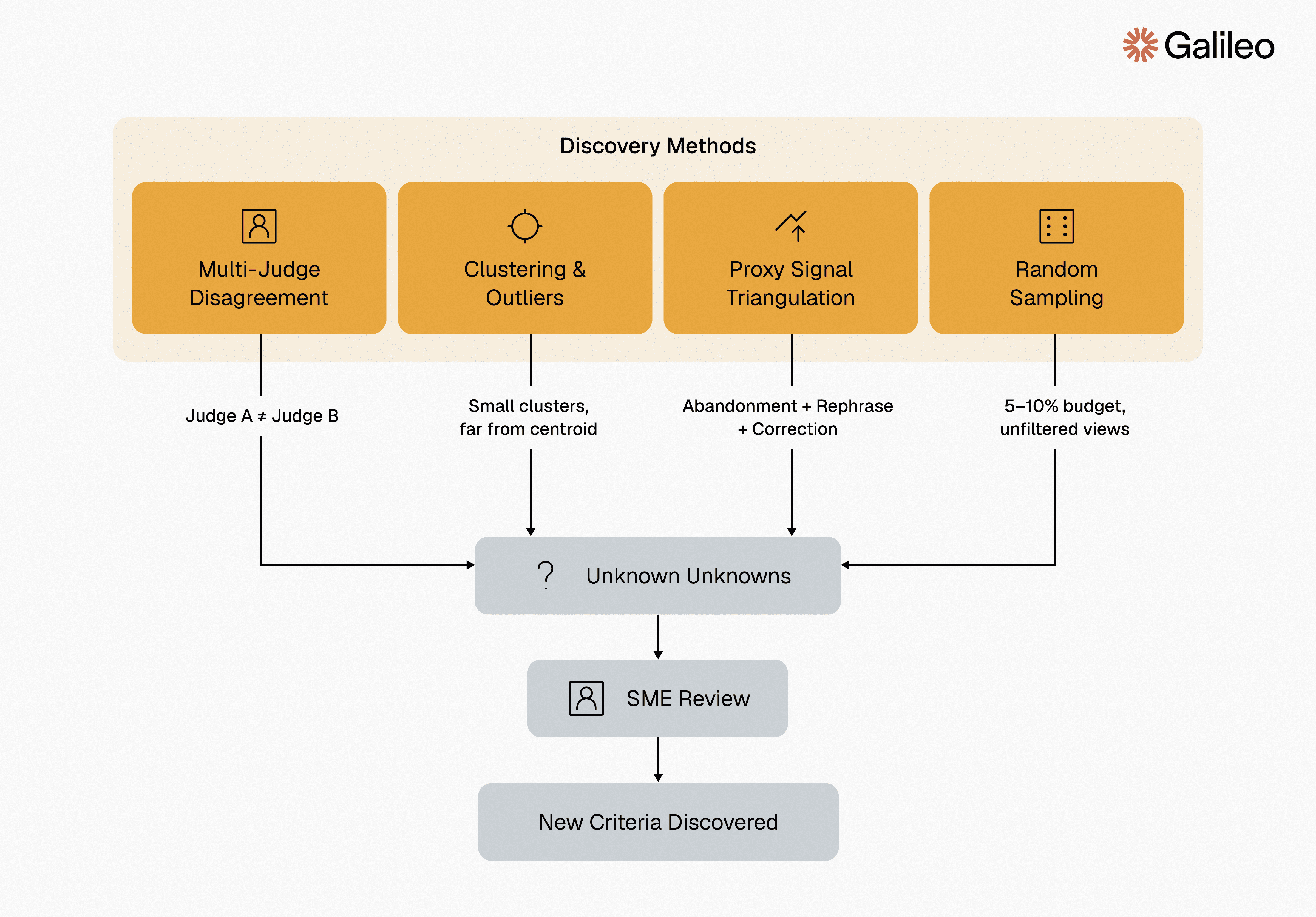 The uncomfortable reality: finding unknown unknowns requires accepting that some percentage of your evaluation budget goes toward looking at things that might be fine. That's not waste. That's the cost of a robust evaluation system.
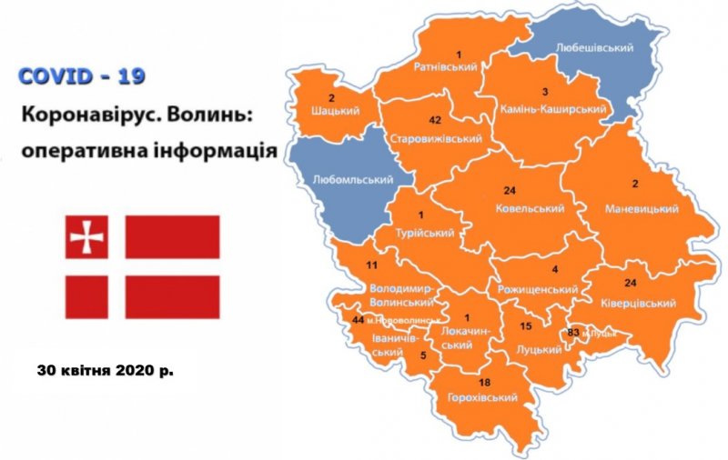 випадків COVID-19: м.Луцьк (4), Луцький район (2), Ківерцівський район (1),
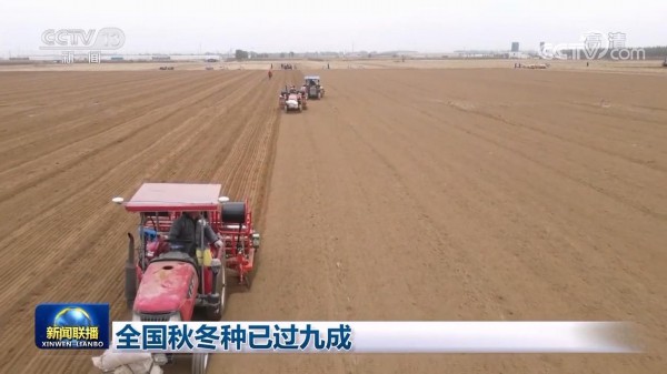 央视网消息(新闻联播):农业农村部最新农情调度显示,全国冬小麦、冬油菜播种面积已过九成。今年各地积极推广良种良法,不断提升秋冬种质量。
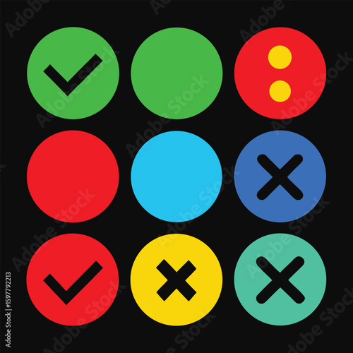 Green checkmark blue cross red circle yellow dots check mark
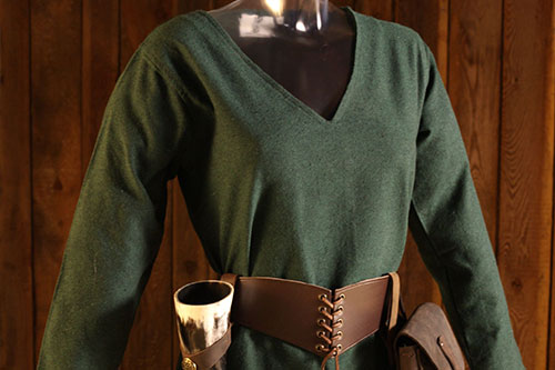 Wir haben Dir Kleider für Elfen-Damen aus unserem Versand-Shop beispielhaft zusammengestellt. Selbst die Kleidung oder das Kleid aus Baumwolle sollen dabei leicht und eben elfenhaft wirken. Ein gedecktes Grün in der Tunika, eine Woll-Gugel in Braun und eine leichte Mittelalterbluse mit Häkelspitze eignet sich als Kleid für die Elfe ganz wunderbar. Das gilt umso mehr, wenn der Kopf mit einer leichten Tiara geschmückt ist, die mit einer Kapuze zu verstecken ist. Ganz anders und leichtfüßiger kommen Damen als Elfen daher, wenn sie helle Beinlinge und eine helle Häkelbluse zum Leder-Diadem tragen. Leichte Armschienen unterstreichen das.
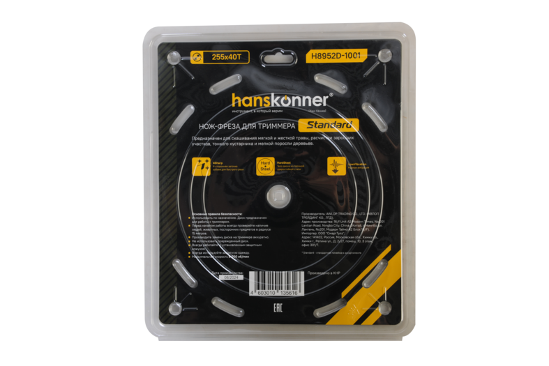 Фреза для бензотрим., Standard 255мм x 25,4x40, с тверд. Напайк., Hanskonner
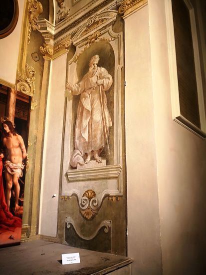 Rechts und links der Arca hängen Gemälde von Alessandro Tiarini und Leonello Spada.
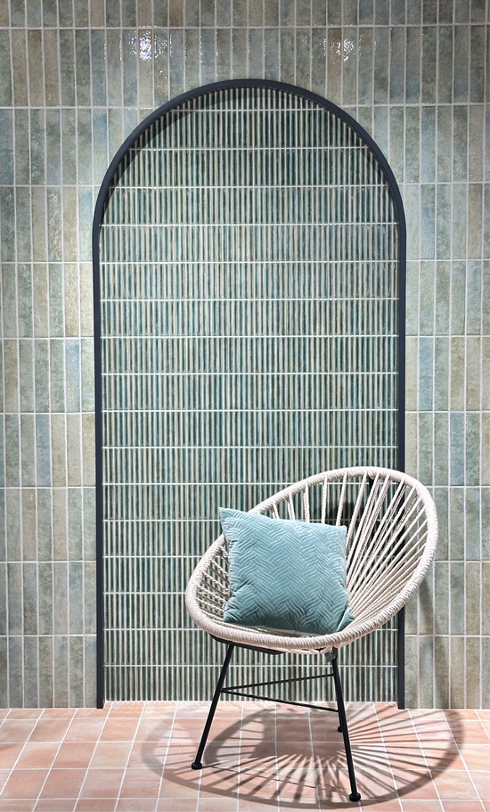 For those seeking a unique mosaic effect without the complexity or cost of traditional mosaics, Kalai offers the innovative “Sticks” option. This pre-scored design creates the appearance of individual mosaic tiles, offering intricate detailing at a fraction of the cost. The “Sticks” option maintains the same rich glazing and undulating surface as the rest of the Kalai collection, providing a seamless design solution within the same colour palette. This feature is perfect for adding texture to walls while keeping the design cohesive and affordable.
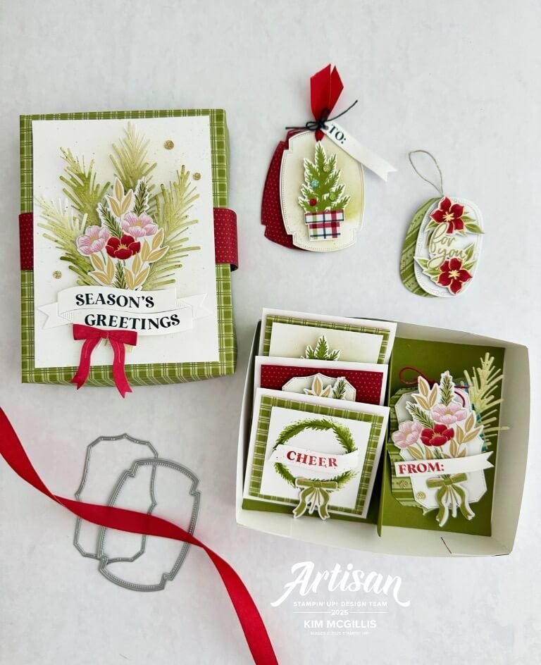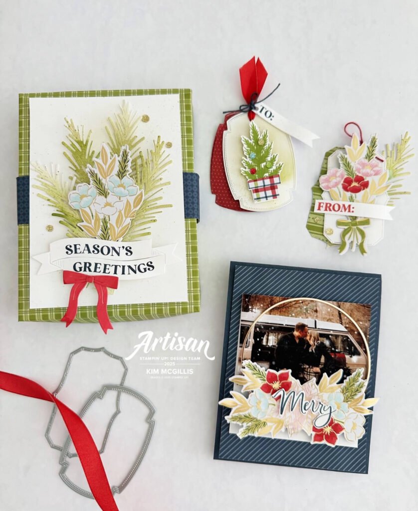 I made a mini card and tag box, shared different ways to use the stamps and also made a personalized photo greeting card for the upcoming season.
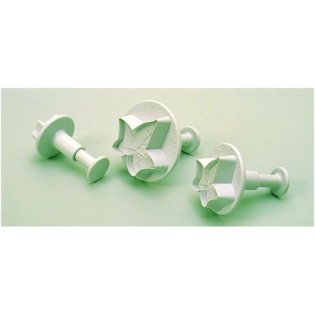 Jeu de 3 Emporte pièces à Poussoir. Le poussoir permet l’extraction facile de la pâte découpée. Ces découpoirs permettent également de marquer sur la pâte les nervures des feuilles.
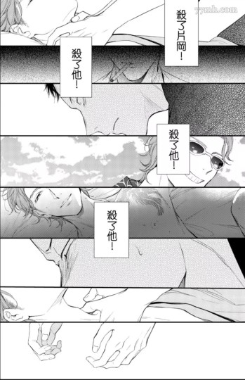 实际上这个时候受要杀攻还是不杀攻都已经跟四代目没关系了,原著里医院受的这场刺杀原因基本上只跟好基友有关,在受掐完攻的脖子从他床上下来后,他给了理由——“你杀了我的亲人”,而阻止他的动机也很明确:其一,如果说杀死受的亲人就必须死的话,那为什么受还活生生地站在这里?其二,受其实已经摸到他想要的答案的边缘了;其三,他意识到他开始对攻有好感了,再不下手恐怕以后就真的再也下不了手了(这就是为什么漫画会将这一幕处理得十分色情,当然相比起最后那一场车戏,还是有所节制的,至少他们都还是穿着衣服的)。
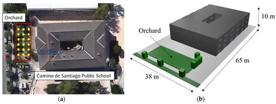 (a) ‘Camino de Santiago’ public school’s upper view; (b) View of the created scenario for the 3D Ray Launching simulations.
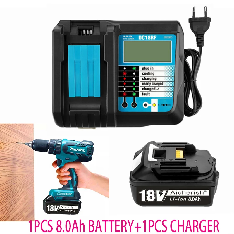 Аккумулятор Makita 18 в с зарядным устройством BL1860B, перезаряжаемые аккумуляторы 18 в 8000 мАч, литий-ионный аккумулятор для 8Ah BL1840 BL1850 BL1830 BL1860
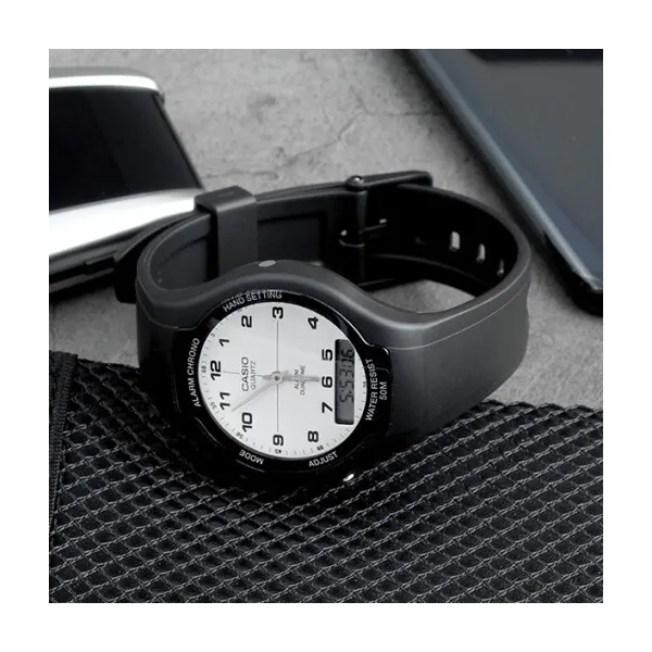 A Casio AW-90H-7BV egy praktikus, retro hangulatú férfi karóra, amely az analóg és digitális kijelzés előnyeit ötvözi. Letisztult megjelenése és jól átlátható számlapja miatt mindennapi viselethez és rendezettebb öltözékhez is remek választás.
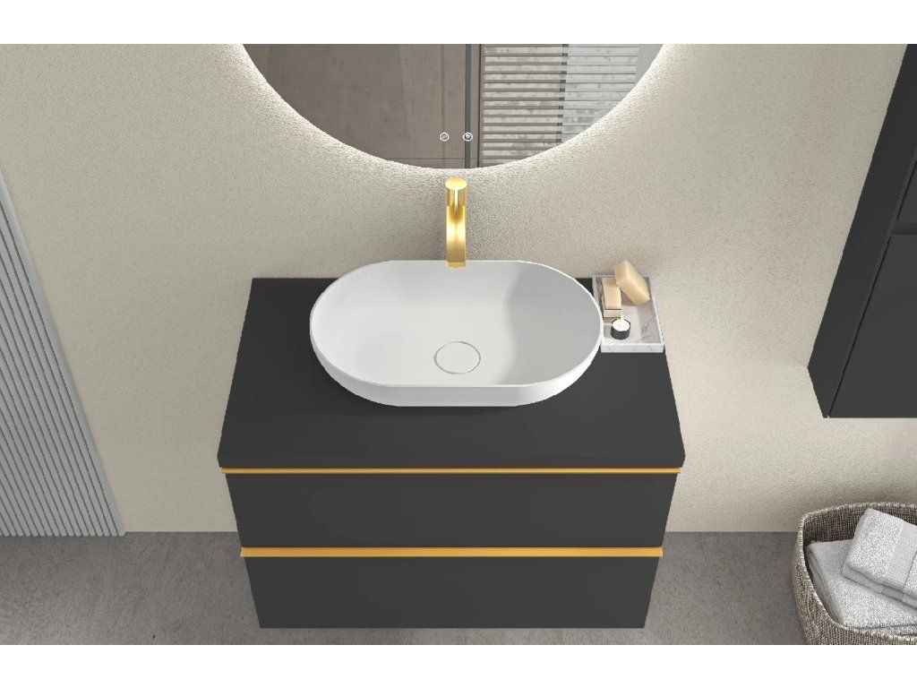 CERANO - Koupelnová skříňka Velora - černá matná, úchytka zlatá + deska pod umyvadlo Navira Pro - 36 mm - 80x56,6x46,5 cm
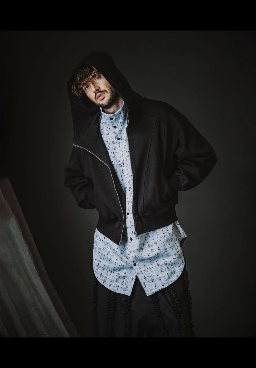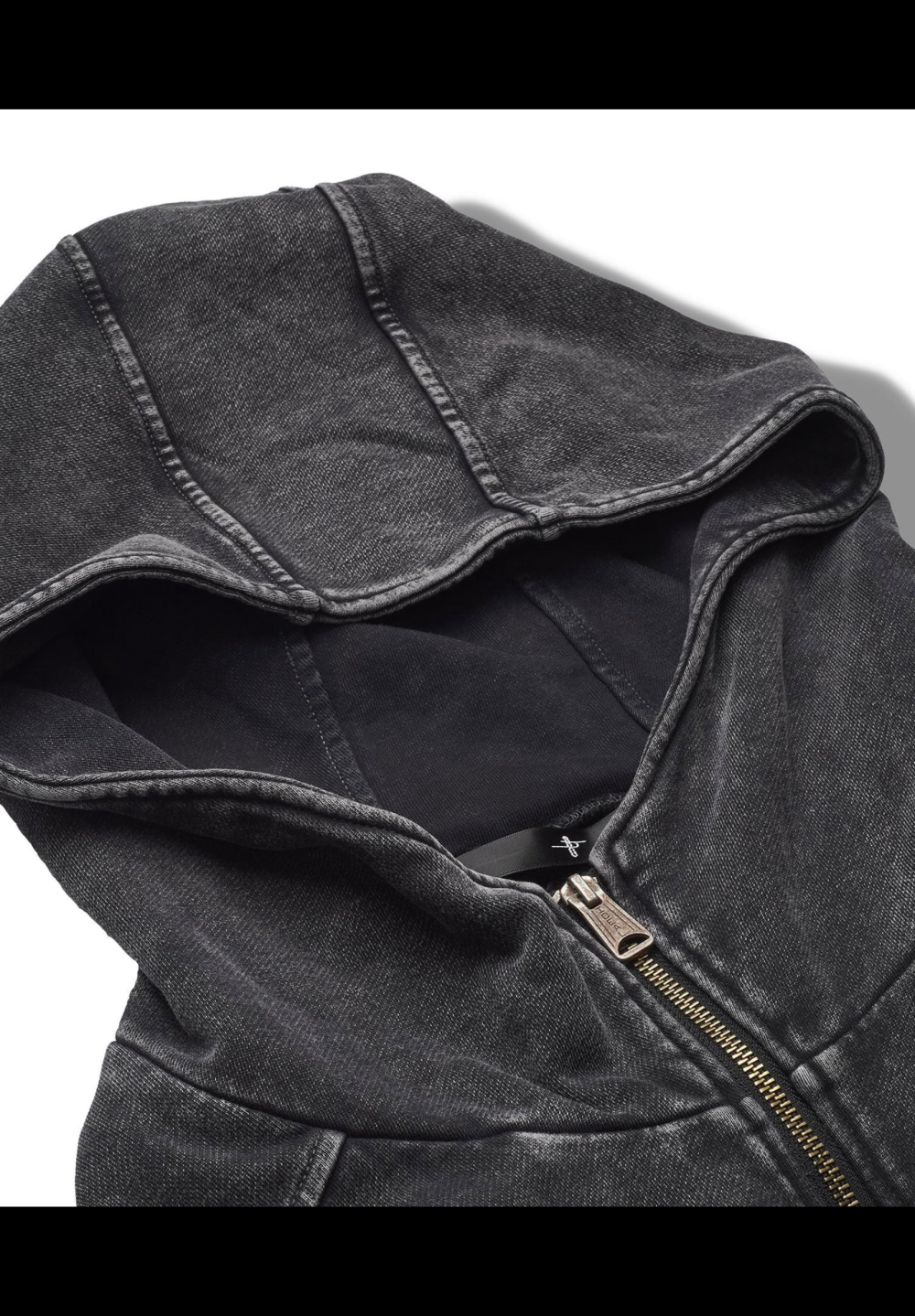 汎用性の高いZIPパーカーに個性的な切替デザインを施した1枚。
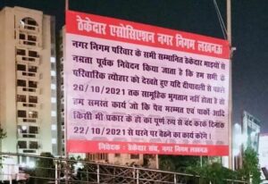 नगर निगम परिवार के सभी सम्मानित ठेकेदार भाइयों से नम्रतापूर्वक निवेदन किया जाता है कि हम सभी के पारिवारिक त्योहार को देखते हुए यदि दीपावली से पहले 20 अक्टूबर तक सामूहिक भुगतान नहीं किया जाता है तो हम समस्त कार्य जो कि पैच मरम्मत और पार्कों आदि किसी भी प्रकार का हो, का पूर्ण रूप से बंद करके दिनांक 22 अक्टूबर से धरने पर बैठने का कार्य करेंगे.
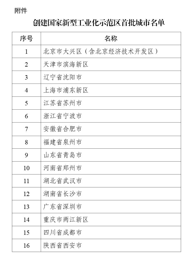 工信部公布创建国家新型工业化示范区首批城市名单
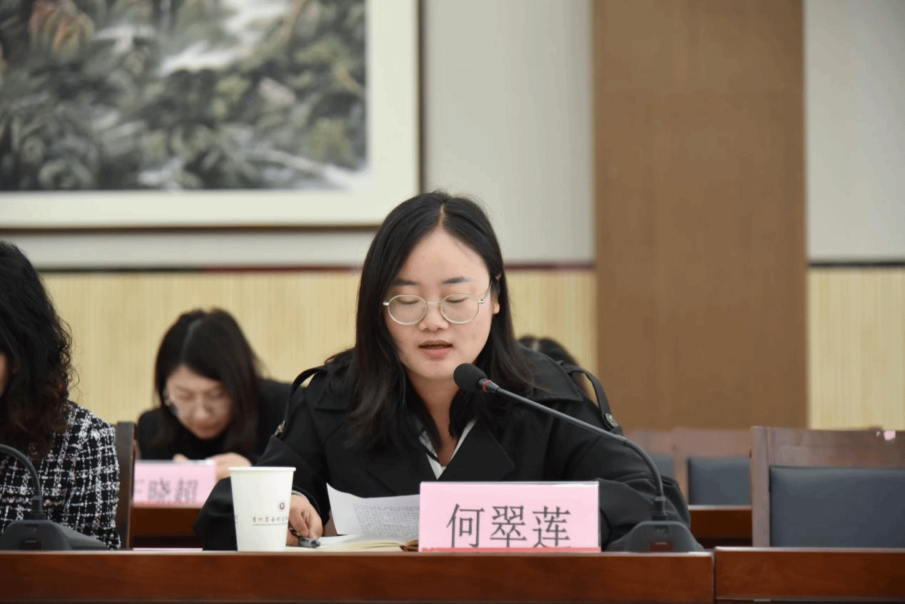 思政教师何翠莲同志作交流发言
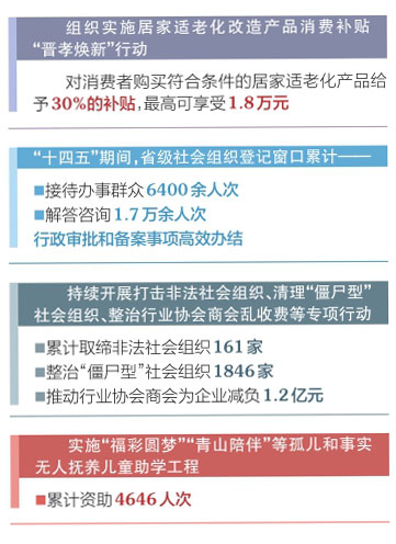 “十四五”期間,我省堅(jiān)持“規(guī)范與發(fā)展并重、監(jiān)管與服務(wù)并舉”,持續(xù)深化改革,健全體制機(jī)制,完善政策措施,推動(dòng)社會(huì)組織高質(zhì)量發(fā)展取得新成效。推行“零見面審批、最多跑一次”和線上年報(bào)“零跑動(dòng)”,省、市、縣三級社會(huì)組織登記實(shí)現(xiàn)“一網(wǎng)通辦”。統(tǒng)一規(guī)范申請材料、表格表單、辦事流程、章程文本等,政務(wù)服務(wù)標(biāo)準(zhǔn)化、規(guī)范化水平持續(xù)提升。推進(jìn)社會(huì)組織規(guī)范化建設(shè),健全綜合監(jiān)管、聯(lián)合執(zhí)法、資金管理等制度機(jī)制,加強(qiáng)對社會(huì)組織名稱、宗旨、業(yè)務(wù)范圍、發(fā)起人和擬任負(fù)責(zé)人的審核把關(guān),強(qiáng)化對社會(huì)組織內(nèi)部治理、人員、資金、活動(dòng)等日常監(jiān)管。持續(xù)開展打擊非法社會(huì)組織、清理“僵尸型”社會(huì)組織、整治行業(yè)協(xié)會(huì)商會(huì)亂收費(fèi)等專項(xiàng)行動(dòng),推動(dòng)行業(yè)協(xié)會(huì)商會(huì)為企業(yè)減負(fù)1.2億元。

* * *

Assignment: In your copy of the entries above, keep the text exact and leave out the pictures.

Response to the exercise:
 The uncomfortable reality: finding unknown unknowns requires accepting that some percentage of your evaluation budget goes toward looking at things that might be fine. That's not waste. That's the cost of a robust evaluation system.
 випадків COVID-19: м.Луцьк (4), Луцький район (2), Ківерцівський район (1),
 央视网消息(新闻联播):农业农村部最新农情调度显示,全国冬小麦、冬油菜播种面积已过九成。今年各地积极推广良种良法,不断提升秋冬种质量。
 Green checkmark blue cross red circle yellow dots check mark
 Wir haben Dir Kleider für Elfen-Damen aus unserem Versand-Shop beispielhaft zusammengestellt. Selbst die Kleidung oder das Kleid aus Baumwolle sollen dabei leicht und eben elfenhaft wirken. Ein gedecktes Grün in der Tunika, eine Woll-Gugel in Braun und eine leichte Mittelalterbluse mit Häkelspitze eignet sich als Kleid für die Elfe ganz wunderbar. Das gilt umso mehr, wenn der Kopf mit einer leichten Tiara geschmückt ist, die mit einer Kapuze zu verstecken ist. Ganz anders und leichtfüßiger kommen Damen als Elfen daher, wenn sie helle Beinlinge und eine helle Häkelbluse zum Leder-Diadem tragen. Leichte Armschienen unterstreichen das.
 Фреза для бензотрим., Standard 255мм x 25,4x40, с тверд. Напайк., Hanskonner
 Rechts und links der Arca hängen Gemälde von Alessandro Tiarini und Leonello Spada.
 For those seeking a unique mosaic effect without the complexity or cost of traditional mosaics, Kalai offers the innovative “Sticks” option. This pre-scored design creates the appearance of individual mosaic tiles, offering intricate detailing at a fraction of the cost. The “Sticks” option maintains the same rich glazing and undulating surface as the rest of the Kalai collection, providing a seamless design solution within the same colour palette. This feature is perfect for adding texture to walls while keeping the design cohesive and affordable.
 I made a mini card and tag box, shared different ways to use the stamps and also made a personalized photo greeting card for the upcoming season.
 Jeu de 3 Emporte pièces à Poussoir. Le poussoir permet l’extraction facile de la pâte découpée. Ces découpoirs permettent également de marquer sur la pâte les nervures des feuilles.
 实际上这个时候受要杀攻还是不杀攻都已经跟四代目没关系了,原著里医院受的这场刺杀原因基本上只跟好基友有关,在受掐完攻的脖子从他床上下来后,他给了理由——“你杀了我的亲人”,而阻止他的动机也很明确:其一,如果说杀死受的亲人就必须死的话,那为什么受还活生生地站在这里?其二,受其实已经摸到他想要的答案的边缘了;其三,他意识到他开始对攻有好感了,再不下手恐怕以后就真的再也下不了手了(这就是为什么漫画会将这一幕处理得十分色情,当然相比起最后那一场车戏,还是有所节制的,至少他们都还是穿着衣服的)。
 (a) ‘Camino de Santiago’ public school’s upper view; (b) View of the created scenario for the 3D Ray Launching simulations.
 Аккумулятор Makita 18 в с зарядным устройством BL1860B, перезаряжаемые аккумуляторы 18 в 8000 мАч, литий-ионный аккумулятор для 8Ah BL1840 BL1850 BL1830 BL1860
 A Casio AW-90H-7BV egy praktikus, retro hangulatú férfi karóra, amely az analóg és digitális kijelzés előnyeit ötvözi. Letisztult megjelenése és jól átlátható számlapja miatt mindennapi viselethez és rendezettebb öltözékhez is remek választás.
 CERANO - Koupelnová skříňka Velora - černá matná, úchytka zlatá + deska pod umyvadlo Navira Pro - 36 mm - 80x56,6x46,5 cm
 汎用性の高いZIPパーカーに個性的な切替デザインを施した1枚。
 नगर निगम परिवार के सभी सम्मानित ठेकेदार भाइयों से नम्रतापूर्वक निवेदन किया जाता है कि हम सभी के पारिवारिक त्योहार को देखते हुए यदि दीपावली से पहले 20 अक्टूबर तक सामूहिक भुगतान नहीं किया जाता है तो हम समस्त कार्य जो कि पैच मरम्मत और पार्कों आदि किसी भी प्रकार का हो, का पूर्ण रूप से बंद करके दिनांक 22 अक्टूबर से धरने पर बैठने का कार्य करेंगे.
 工信部公布创建国家新型工业化示范区首批城市名单
 思政教师何翠莲同志作交流发言
 “十四五”期間,我省堅(jiān)持“規(guī)范與發(fā)展并重、監(jiān)管與服務(wù)并舉”,持續(xù)深化改革,健全體制機(jī)制,完善政策措施,推動(dòng)社會(huì)組織高質(zhì)量發(fā)展取得新成效。推行“零見面審批、最多跑一次”和線上年報(bào)“零跑動(dòng)”,省、市、縣三級社會(huì)組織登記實(shí)現(xiàn)“一網(wǎng)通辦”。統(tǒng)一規(guī)范申請材料、表格表單、辦事流程、章程文本等,政務(wù)服務(wù)標(biāo)準(zhǔn)化、規(guī)范化水平持續(xù)提升。推進(jìn)社會(huì)組織規(guī)范化建設(shè),健全綜合監(jiān)管、聯(lián)合執(zhí)法、資金管理等制度機(jī)制,加強(qiáng)對社會(huì)組織名稱、宗旨、業(yè)務(wù)范圍、發(fā)起人和擬任負(fù)責(zé)人的審核把關(guān),強(qiáng)化對社會(huì)組織內(nèi)部治理、人員、資金、活動(dòng)等日常監(jiān)管。持續(xù)開展打擊非法社會(huì)組織、清理“僵尸型”社會(huì)組織、整治行業(yè)協(xié)會(huì)商會(huì)亂收費(fèi)等專項(xiàng)行動(dòng),推動(dòng)行業(yè)協(xié)會(huì)商會(huì)為企業(yè)減負(fù)1.2億元。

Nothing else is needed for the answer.